UVA Today turned to Holstege for his expertise and advice now that snake season has returned.
Q. Where are copperheads found?
A. There is a temperature range that they prefer. The snakes will typically prefer the 80s. If it starts getting too hot, they’ll go into cooler places. But if it gets too cold, they’re going to go and hunker down into denser areas too. They like wood piles, because the temperature is fairly stable and it’s easy for them to get into them. I’ve treated numerous bites after people were taking wood out of a wood pile.
You have to be careful in the evenings when it gets cooler and they come out. They may go, for example, along the side of a blacktop road and warm themselves. They can get into garages. They can get under the covers of things – for example, if I have a grill that’s covered up on the back porch. They like places where they can shelter and be protected.

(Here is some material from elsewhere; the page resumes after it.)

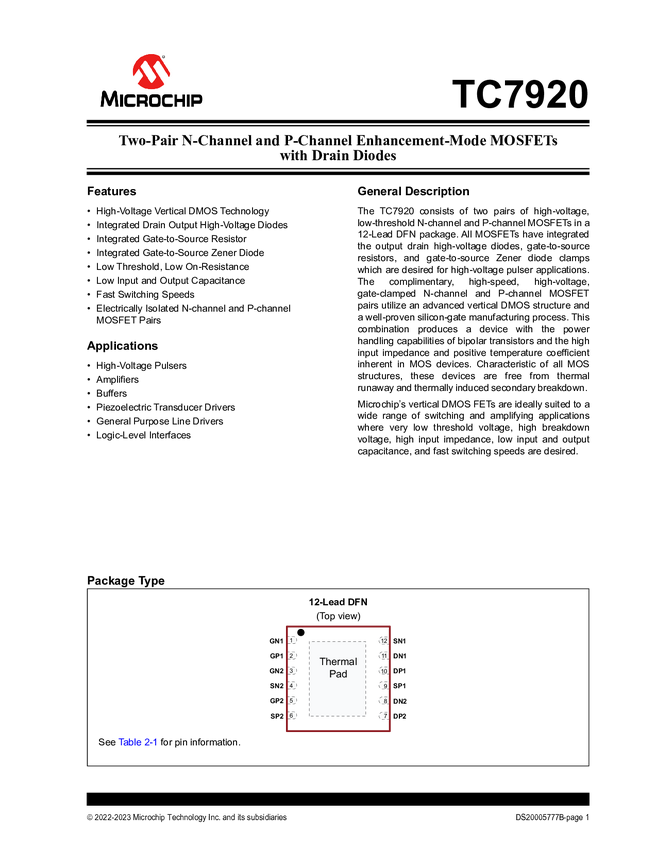 TC7920 Two-Pair N-Channel and P-Channel Enhancement-Mode MOSFETs with Drain Diodes Data Sheet

Q. Are copperheads aggressive?
A. I think if you’re trying to pick them up they are. I don’t think they’re overly aggressive otherwise. Because they don’t have a rattle, people cannot hear copperheads, so they don’t notice them as easily as a timber rattler, which we have in the mountains. When you hear that rattle, that’s when you are put on pause and you back up. But from an aggressive standpoint, most of the bites that I see, the envenomations, the individuals are trying to pick up or are messing with a snake.
In the second-most-common scenario, a person minding their own business might rapidly do something like accidentally stepping on a copperhead, which then defends itself.